Nevertheless, she says, "I said that I would publish it before my mandate ended and I have."

Bachelet said that the delay in publishing had been because she "wanted to take the greatest care to deal with the responses and inputs received from the (Chinese) government last week."

Zenz says the report will be hard to refute
China had already imposed a lot of pressure on her not to release the report, which Zhao Lijian, a spokesman for the foreign ministry said was "a farce orchestrated by the United States and a small number of Western powers."

Beijing submitted a 131-page response to the human rights office's "so-called 'assessment'" it claimed was "based on disinformation and lies", and ignored its success in stopping extremism in Xinjiang.

In any event, for Uyghur activists and rights groups, the report is significant in that it vindicates their work in documenting and reporting on their family members and loved ones being sent away in the camps, some mentally and physically changed after they were released.

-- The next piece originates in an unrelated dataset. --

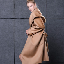 2016秋冬季新款手工连帽系带双面羊绒羊毛大衣女毛呢子外套中长款
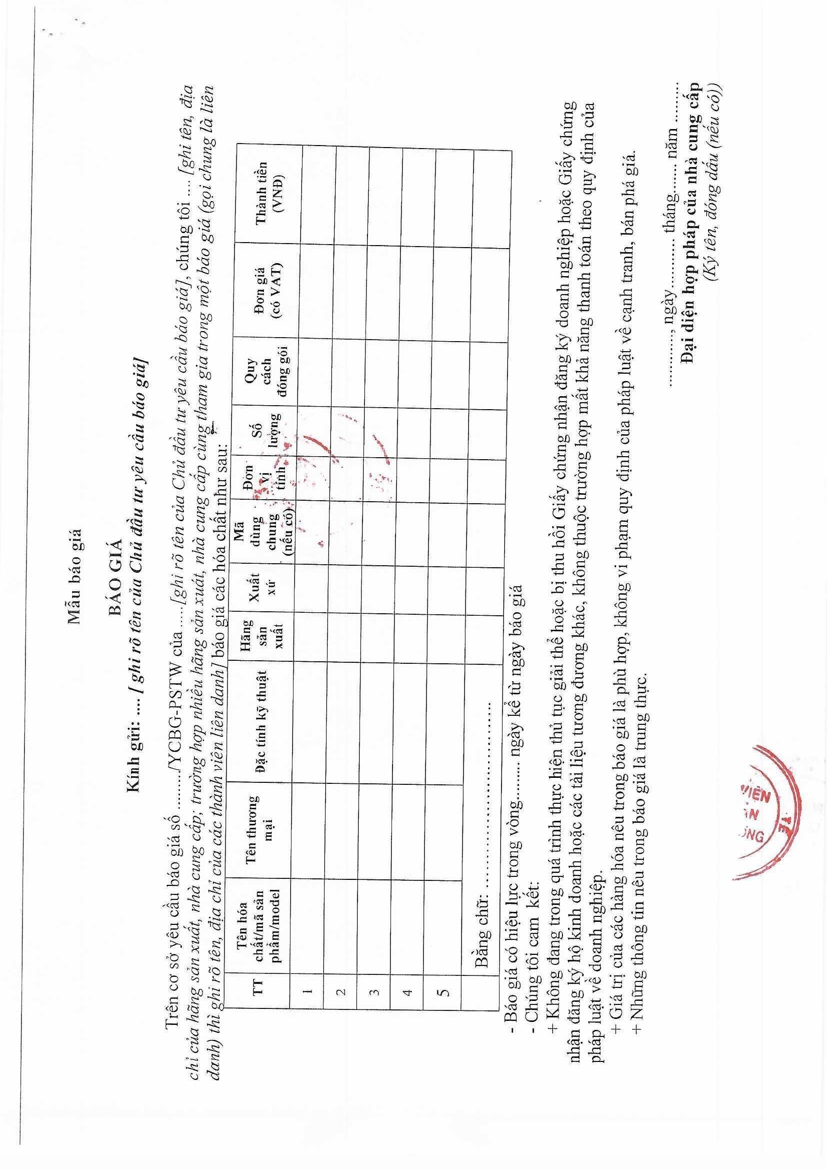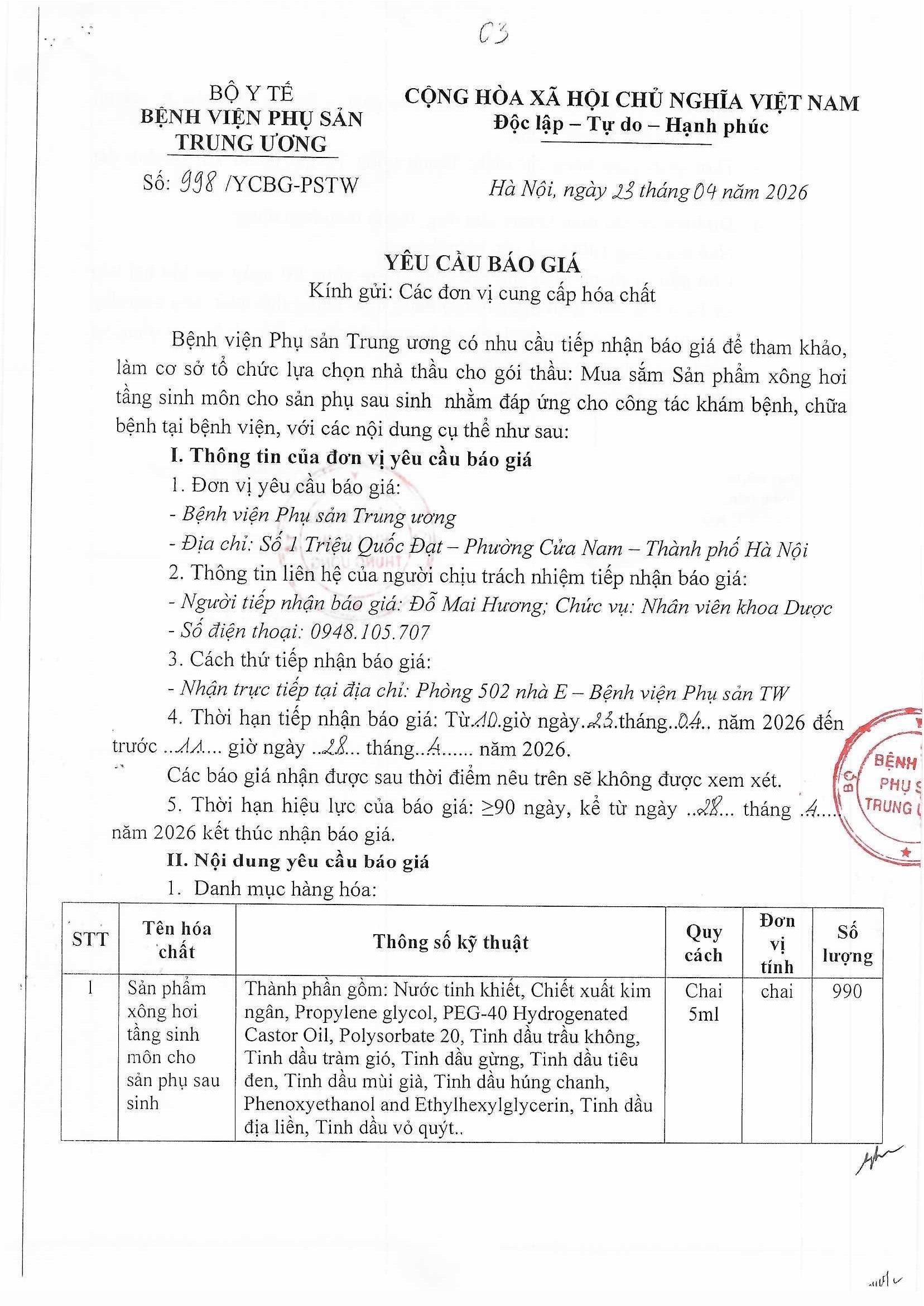 Yêu cầu báo giá số 998/YCBG-PSTW ngày 23/04/2026

"It paves the way for meaningful and tangible action by member states, UN bodies and the business community," said Dolkun Isa, president of the World Uyghur Congress. "Accountability starts now," he added.

Indeed.

The report recommends releasing detainees
Richardson of Human Rights Watch says now the United Nations Human Rights Council should begin investigating the Chinese government's "crimes against humanity targeting the Uyghurs and others -- and hold those responsible to account."

But time is of the essence -- the Human Rights Council starts its last session of the year in 12 days.